There is also a program for binning of the STR allele lengths coming out of software for reading gels: BINNING.
This program generates nuclear families, a proportion of which contain monozygotic twins, in which multiple quantitative trait loci are segregating. One of these QTLs is linked to multiple markers. Families can be selected to contain high and/or low values at the quantitative or ordinal trait.
This is a Basic program that performs a number of simple statistical analyses of contingency tables useful in epidemiology and genetics. One can estimate tetrachoric correlations and odds ratios for 2x2 tables (with exact confidence intervals), combine multiple 2x2 tables via Mantel-Haenszel and maximum likelihood procedures (jackknife standard error for pooled MLE odds ratio), test for symmetry and quasi-symmetry in square contingency tables, and obtain exact (Pearson-Clopper) 95% confidence intervals on a proportion. A calculator (double precision) with scientific functions including inht(), fact(), and ran() is also accessible via the same menu.
rcexact.

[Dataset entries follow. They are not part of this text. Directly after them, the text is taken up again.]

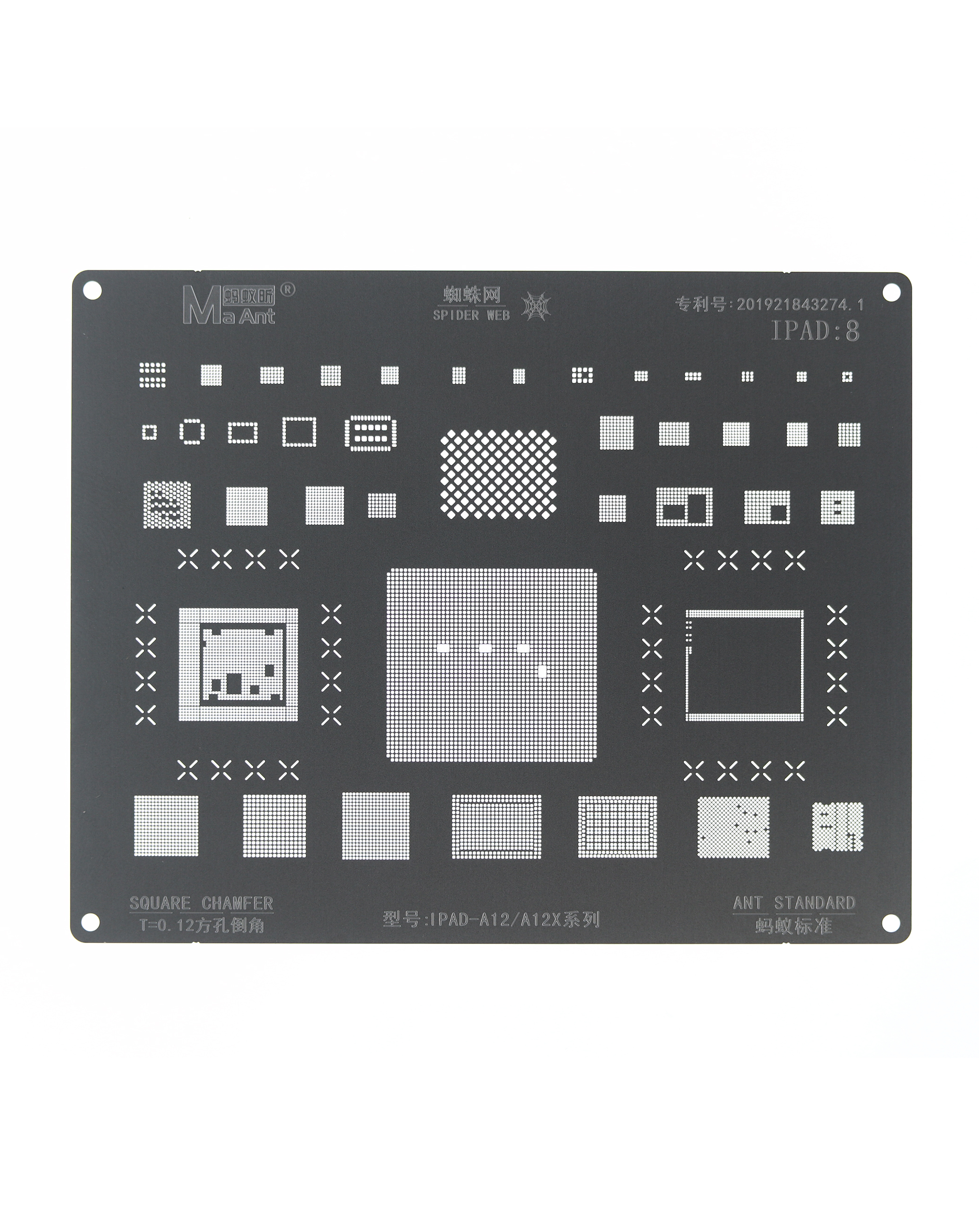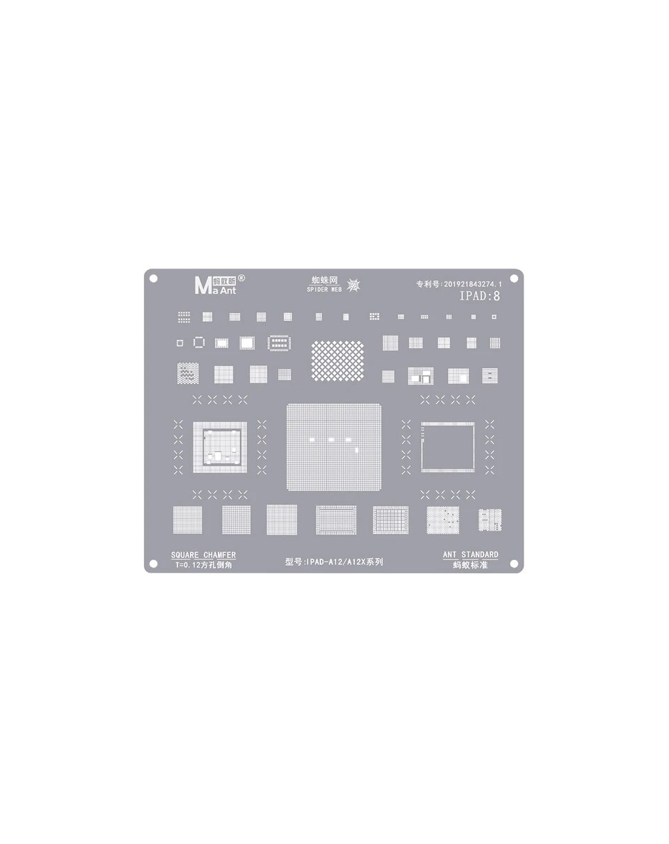 MaAnt 0.12mm Square Chamfer BGA Reballing Stencil for iPad Pro 11 1st / 12.9 3rd / Mini 5 / Air 3 / iPad 8 (A12 / A12X)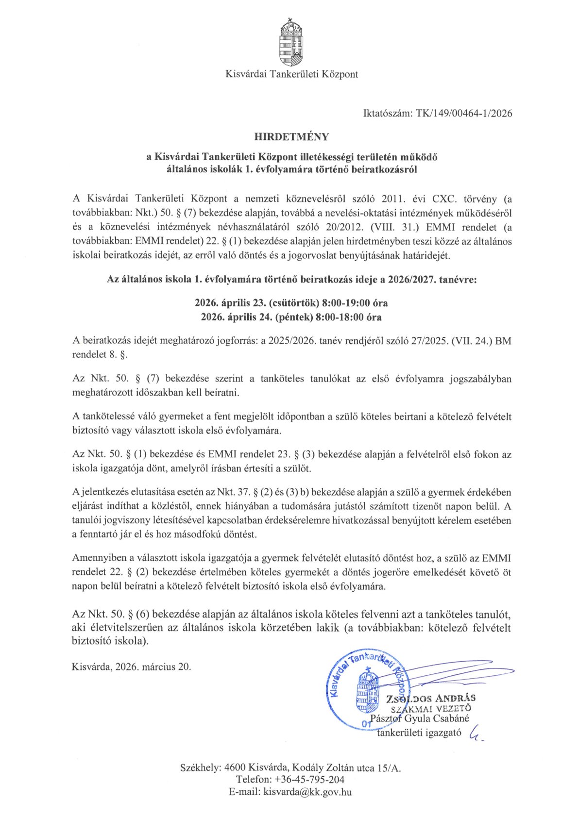 Általános iskolai beiratkozás - szülői tájékoztató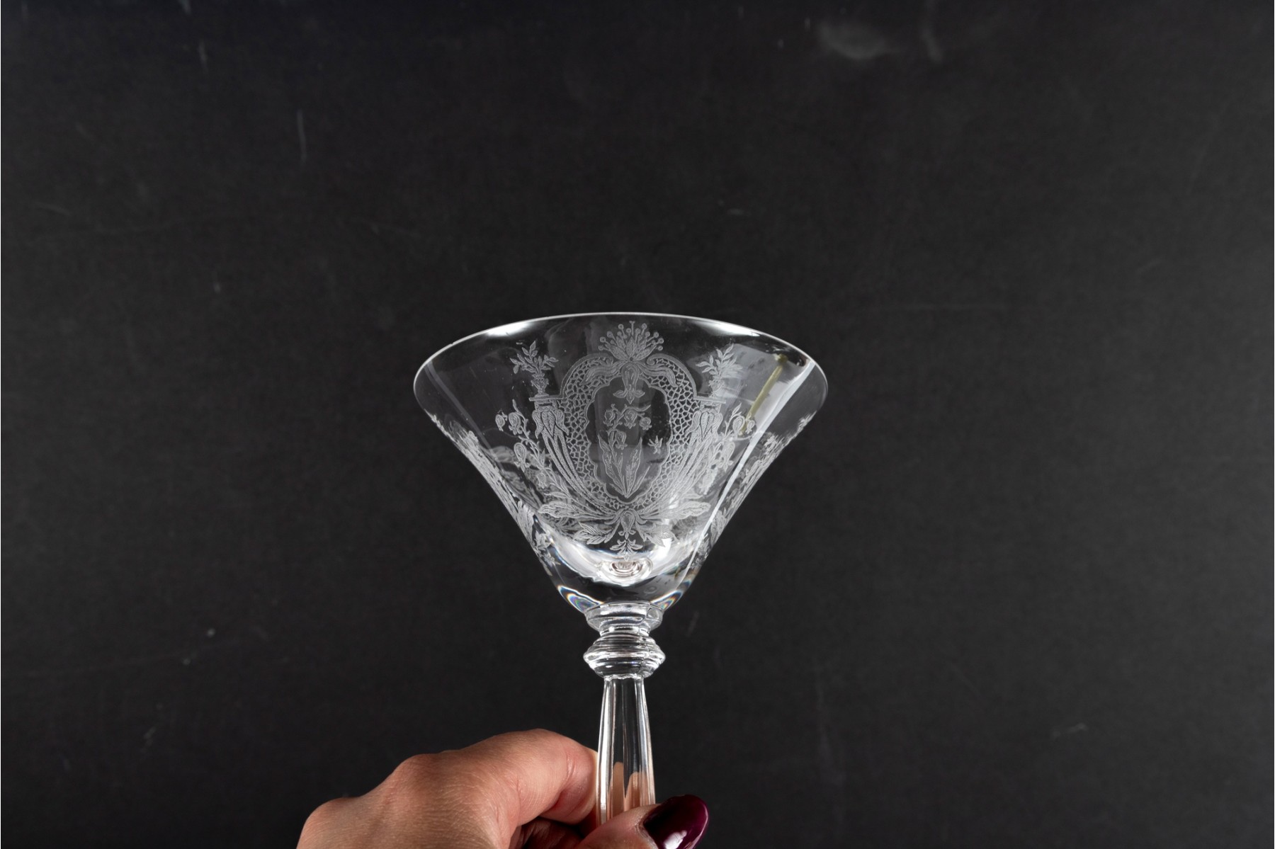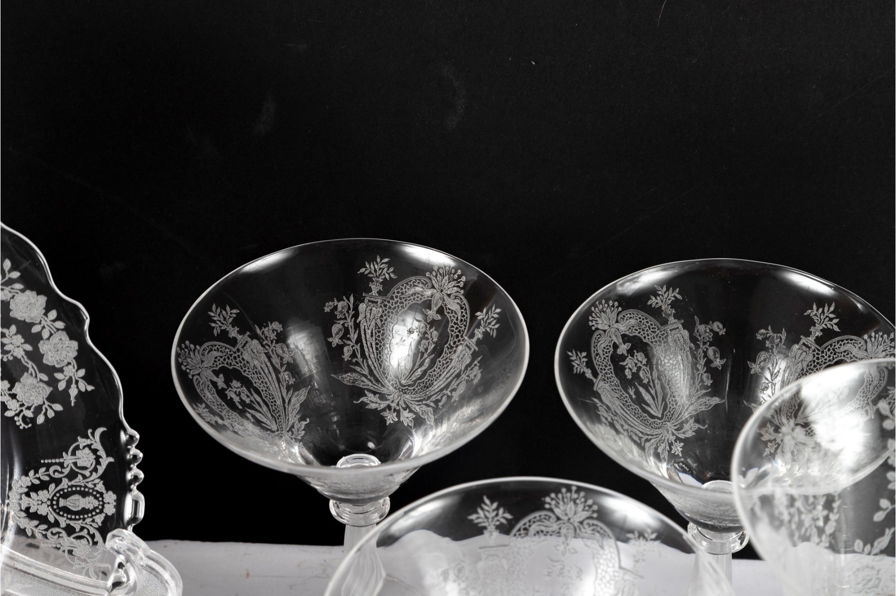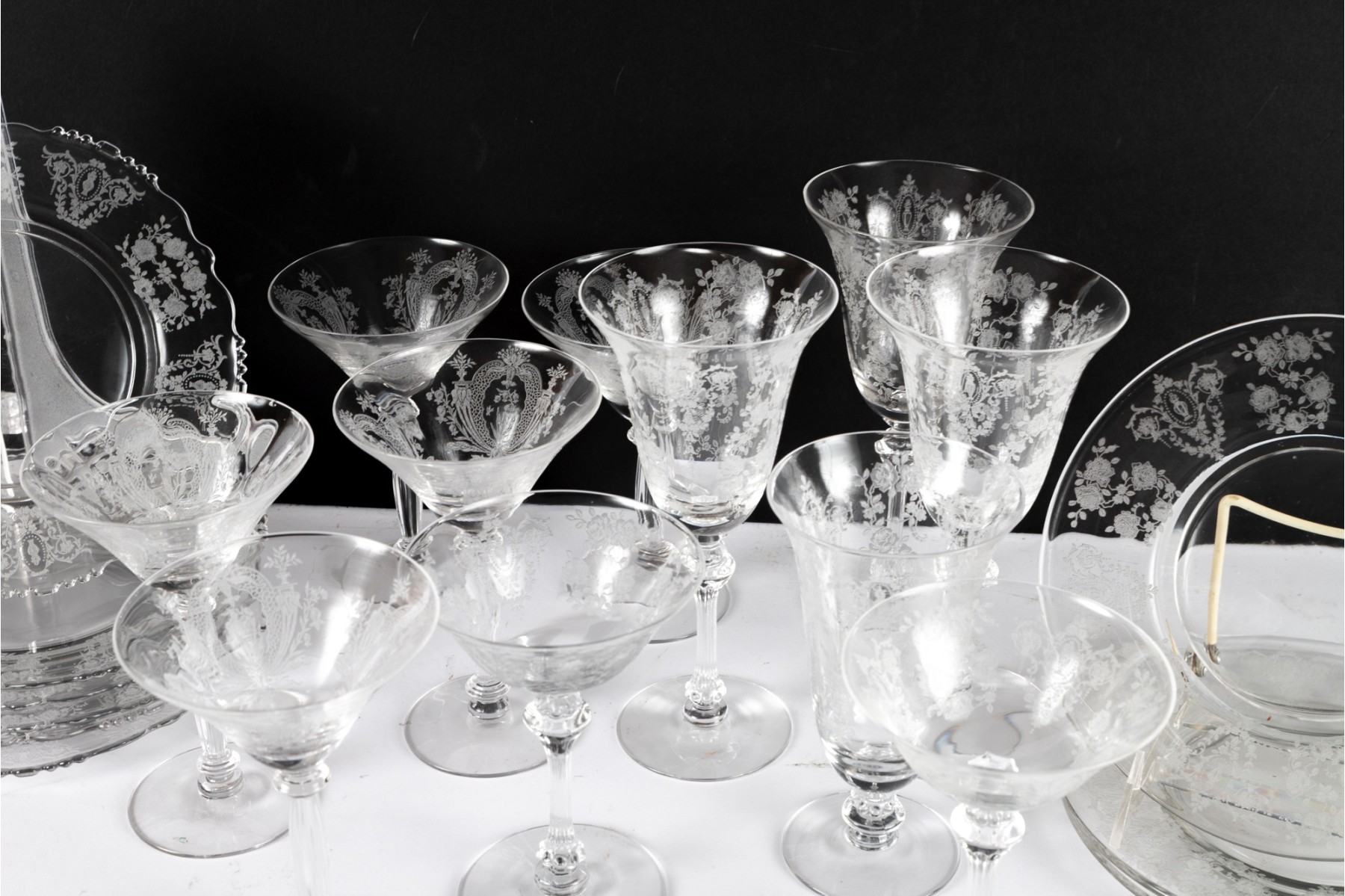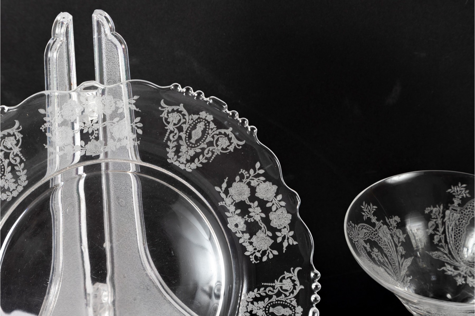 An excellent Tiffin-Franciscan "Cherokee Rose" pattern clear glass luncheon service with lavish etched foliate motifs, scrolled medallions, and beaded accents making for an elegant design. Contents as shown and sold as is.

A program that calculates Fisher exact P-values for RxC contingency tables. Written by Mehta in Fortran 77 (Algorithm 643 from the ACM). I have altered the driving program slightly.
drawhap.sh. Takes SIMWALK2 haplotyping output file and draws the pedigree as a marriage-node graph with haplotypes using Graphviz (needs sh, awk, dot). Not completely satisfactory in terms of placement of haplotypes on the drawing. Colouring is of alleles, rather than haplotypes.
join.unsorted. Just like (unix) join, but files do not have to be sorted. Returns a file following the order of the key in the first named file:
Usage: join.unsorted [OPTION]... FILE1 FILE2
For each pair of input lines with identical join fields, write a line to
standard output. The default join field is the first, delimited
by whitespace. When FILE1 or FILE2 (not both) is -, read standard input.
-a FILENUM print unpairable lines coming from file FILENUM, where
FILENUM is 1 or 2, corresponding to FILE1 or FILE2
-e EMPTY replace missing input fields with EMPTY
-i, --ignore-case ignore differences in case when comparing fields
-j FIELD equivalent to -1 FIELD -2 FIELD
-o FORMAT obey FORMAT while constructing output line
-t CHAR use CHAR as input and output field separator
-v FILENUM like -a FILENUM, but suppress joined output lines
-1 FIELD join on this FIELD of file 1
-2 FIELD join on this FIELD of file 2
--help display this help and exit
--version output version information and exit
Unless -t CHAR is given, leading blanks separate fields and are ignored,
else fields are separated by CHAR. Any FIELD is a field number counted
from 1. FORMAT is one or more comma or blank separated specifications,
each being FILENUM.FIELD or 0. Default FORMAT outputs the join field,
the remaining fields from FILE1, the remaining fields from FILE2, all
separated by CHAR.
fscheme. Port of the tinyscheme (and minischeme) small Scheme interpreter to Fortran 95. Hopefully useful as an embedded interpreter.
fortransockets. Minimal Fortran 95 sockets library for linux. Enough functionality for a simple server. Includes wrappers for socket(), setsockopt(), bind() and listen(); accept(); send(); recv(); close(); gethostbyname(). This code last updated 2007-12-19.